Рейчел пришлось ответить на сердитый звонок от заместителя директора Полсона, который спросил, не она ли передала Шумеру эту информацию. Она, естественно, отрицала свое участие, и тогда он велел еще раз – и как можно скорее – связаться с Сэмом.
– Если мы уже не контролируем этот сценарий, найдется тот, кто с удовольствием сделает это за нас.
Его не бросили в одиночестве.
Сначала Джордж с прыщавым лицом доставил их с Холли, промокших до нитки, к Катлер-Чэннел. Там, в конце Пэрэдайз-Пойнт-драйв, их поджидала в «Рейнджровере» латиноамериканка Мэри. Во внедорожнике они нашли продукты, одеяла, полотенца и сменную одежду. Вместе с Расмуссен Кевин устроился на заднем сиденье, а Мэри погнала без остановок вдоль побережья, включив радио на полную мощность, чтобы следить за новостями.
Во время остановки на заправочной станции Холли натянула одеяло им с Муром на головы и в темноте прошептала, что он теперь герой Революции и что однажды его имя войдет в книги по истории. Он не стал спрашивать, будет ли он там выставлен как злодей или как герой, потому что не был уверен, что сможет произнести хоть слово. Когда Мэри снова выехала на шоссе, Расмуссен поцеловала его лоб, и ее пальцы скользнули ниже, к его паху. Кевин закрыл глаза. Он не сопротивлялся. Да и зачем?
Потом он крепко заснул.
Когда он проснулся, было далеко за полночь. Проведя в дороге тринадцать часов, они подъехали к большому обветшалому дому где-то среди болот Луизианы, в царстве кудзу. Они с Холли, шатаясь, вышли из машины и попали в объятия восемнадцати других Джорджей и Мэри. Все были взволнованны и напуганы тем, что произошло, но при этом все буквально трепетали перед Кевином, который, по всеобщему мнению, стал одним из кровавых вершителей Революции. Их с Расмуссен накормили густым гамбо[25], наблюдая за каждой ложкой, которую он подносит ко рту. Мур чувствовал, будто глаза вездесущего бога внезапно обрели плоть. Но это были не единственные его ощущения.
Он чувствовал, что сильно повзрослел. Нет, он не в первый раз стрелял в человека. В конце концов, за плечами Афганистан. Однако вот эта тесная связь его самого, снайперской винтовки и женщины на сцене ощущалась совсем по-другому. Как будто кто-то открыл дверцу в его голове, проигнорировав знак, гласящий «Не открывать до кризиса среднего возраста». Как будто он прошел через ту дверь и стал привыкать к новому виду смертности.

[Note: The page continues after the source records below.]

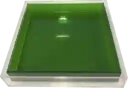 Based on our expertise with this material, we recommend wiping the surface with a soft, damp cloth as needed to remove dust or fingerprints. To maintain the high-gloss, crystal-clear finish, avoid using abrasive cleaners, ammonia-based products, or rough scrubbers, as these can scratch the lucite. Simple, gentle maintenance is all that’s required to keep the encased green color looking brand new.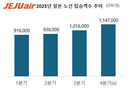 일본 노선의 분기별 탑승객수도 1분기 91만6000여명에서 2분기 93만8000여명, 3분기 101만6000여명으로 지속적으로 증가하고 있다. 4분기에는 114만7000여명에 달할 것으로 예상된다.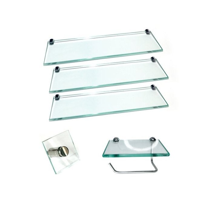 Kit Banheiro em Vidro Para Lavabo Modelo 5, acompanha 5 peças, todas completa com fixação, bucha e parafuso, ideal para banheiro pequeno ou Lavabo.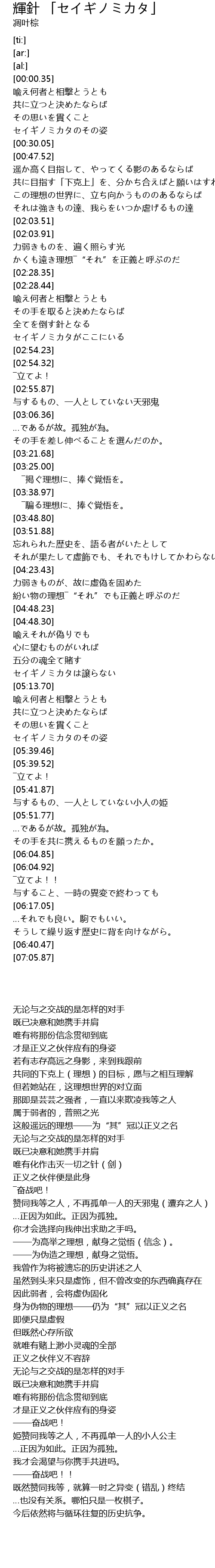 | [03:39.06] | ——为伪造之理想,献身之觉悟。 |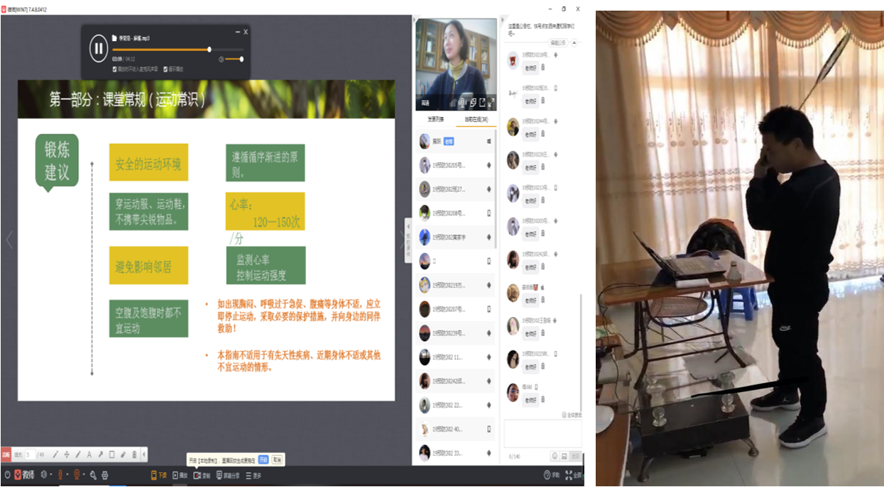 线上教学难不倒咱们的体育老师。云班课、QQ直播、微师等多种软件,体育老师也是信手拈来,利用各种教学平台直播讲解相关理论知识,一改大家认为体育课只能面授的旧观念,没有操场、没有篮球场,我们照样能high。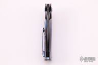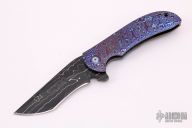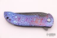 This Framelock Flipper by Melvin Lozada features a Damascus tanto blade with flipper. The handle has a mokuti frame with matching floating backspacer and tip up clip, anodized titanium pivot collars and overtravel stop. Rides on bearings, nice detent, lockup and blade seating. Has a couple light scratches, otherwise excellent condition.

Такое обожание со стороны товарищей лишь сделало его положение еще более неуютным. Оно вызвало у него желание выгнать всех из дома и не возвращаться до тех пор, пока они не принесут ему гребаный мобильник. Чтобы позвонить матери. Но подобные вещи не разрешались тем, кто не является первой скрипкой Революции. Да, здесь была почетная комната – на верхнем этаже. И Холли с подозрением поглядывала на любую Мэри, которая проявляла к Муру хоть малейший интерес. Но телефона ни у кого не было…
Он не спал – как тут было заснуть? Собственно, Расмуссен делала все, чтобы Кевин не заснул, но он знал, что даже без нее будет просто не в состоянии это сделать. Он попробовал ее «Пэл-Мэл», сдерживая кашель, пока курил у окна и наблюдал, как постепенно проясняется утреннее небо. Он чувствовал себя потерянным…
Прошел день. День недоеденного гамбо, недопитых банок «Миллер Лайт», нетерпеливых взглядов. В полдень Холли привела его обратно в их комнату. К тому времени все уже знали, что Диана Трамбл, скорее всего, выживет, несмотря на пулю в шее, но это никак не повлияло на их трепет и почтение к Муру. Можно жить и так, думал он, но только до тех пор, пока длился обман. До тех пор, пока они не поймут, что он вовсе не герой…
Через два дня в девять утра к дому в потрепанном пикапе подъехал Бенджамин Миттаг. За рулем машины сидела молодая женщина.
Кевин увидел их из окна. И Миттаг, и женщина были в какой-то фермерской одежде, а у Бенджамина к тому же были поддельные усы и зеркальные солнцезащитные очки-авиаторы. Через плечо у него была перекинута небольшая сумка.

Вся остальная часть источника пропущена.